Edit 1: it seems like I didn't explain myself very well. Class Foo is not an entity. Just a general purpose model that I would like to have an access to the entity manager.
Edit 2: I don't think there is an answer to my question. Basically, I wanted a class that can have access to the EntityManager without this class being called by the service manager, simply due to the fact that it may be called by a class who is also not called by the service manager. In other words, I was trying to achieve what Zend_Registry used to achieve in ZF1. I'll have to find another way of doing what I am trying to do.
I am trying to access Doctrine's entity manager in a model, in a similar way as it done in a controller:
$this->getServiceLocator()->get('Doctrine\ORM\EntityManager');
The ZF2 manual (http://framework.zend.com/manual/2.0/en/modules/zend.service-manager.quick-start.html) says:
By default, the Zend Framework MVC registers an initializer that will inject the ServiceManager instance, which is an implementation of Zend\ServiceManager\ServiceLocatorInterface, into any class implementing Zend\ServiceManager\ServiceLocatorAwareInterface.
So I created a the following class:
<?php
namespace MyModule\Model;
use Zend\ServiceManager\ServiceLocatorAwareInterface;
use Zend\ServiceManager\ServiceLocatorInterface;
class Foo implements ServiceLocatorAwareInterface
{
protected $services;
public function setServiceLocator(ServiceLocatorInterface $serviceLocator)
{
$this->services = $serviceLocator;
}
public function getServiceLocator()
{
return $this->services;
}
public function test()
{
$em = $this->getServiceLocator()->get('Doctrine\ORM\EntityManager');
}
}
Then, from another class I call this class as such:
$foo = new \MyModule\Model\Foo();
$foo->test()
which throws the following error:
PHP Fatal error: Call to a member function get() on a non-object
So, I guess I am missing something somewhere, but what? Where? How? Perhaps there is an easier to access the entity manager?
Thanks!

From your question, I see that you have mainly two misunderstandings, one about your design strategy (injecting an EntityManager on your model) and one about how things work with the service manager (ServiceLocatorAwareInterface).

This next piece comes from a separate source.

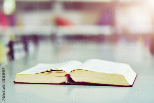 © Anurak, Obraz premium Open book on the table in the library

In my answer I'll try to focus on the second one.
Initializers are php closures that are called over each instance accessed from the Service Manager before this one returns it to you.
Here is an example of an Initializer :
// Line 146 - 150 of Zend\Mvc\Service\ServiceManagerConfig class + comments
$serviceManager->addInitializer(function ($instance) use ($serviceManager) {
if ($instance instanceof ServiceManagerAwareInterface) {
$instance->setServiceManager($serviceManager);
}
});
As you can see each time Service Manager is asked to return an instance/object that implements the ServiceManagerAwareInterface interface, it will setup/inject the Service Manager instance to it.
By the way in your previous code you omitted to implement correctly the interface as you didn't define the setServiceManager method. However, this is not your only problem.
First, if you want the Service Manager to inject itself in your Model, you need to call/construct your model instance from it (during this process it will call the initializers) through a factory for example if your class has complex dependencies.
[EDIT]
Example:
In your MyModule
namespace MyModule;
use Zend\ModuleManager\Feature\ServiceProviderInterface;
use MyModule\Model\Foo;
class Module implements ServiceProviderInterface{
//Previous code
public function getServiceConfig()
{
return array(
'instances' => array(
'myModelClass' => new Foo(),
),
);
}
Now, when you need a Foo instance you should call the Service Manager:
$serviceManager->get('myModelClass');
Don't forget defining setServiceManager method, otherwise your'e not correctly implementing the ServiceManagerAwareInterface!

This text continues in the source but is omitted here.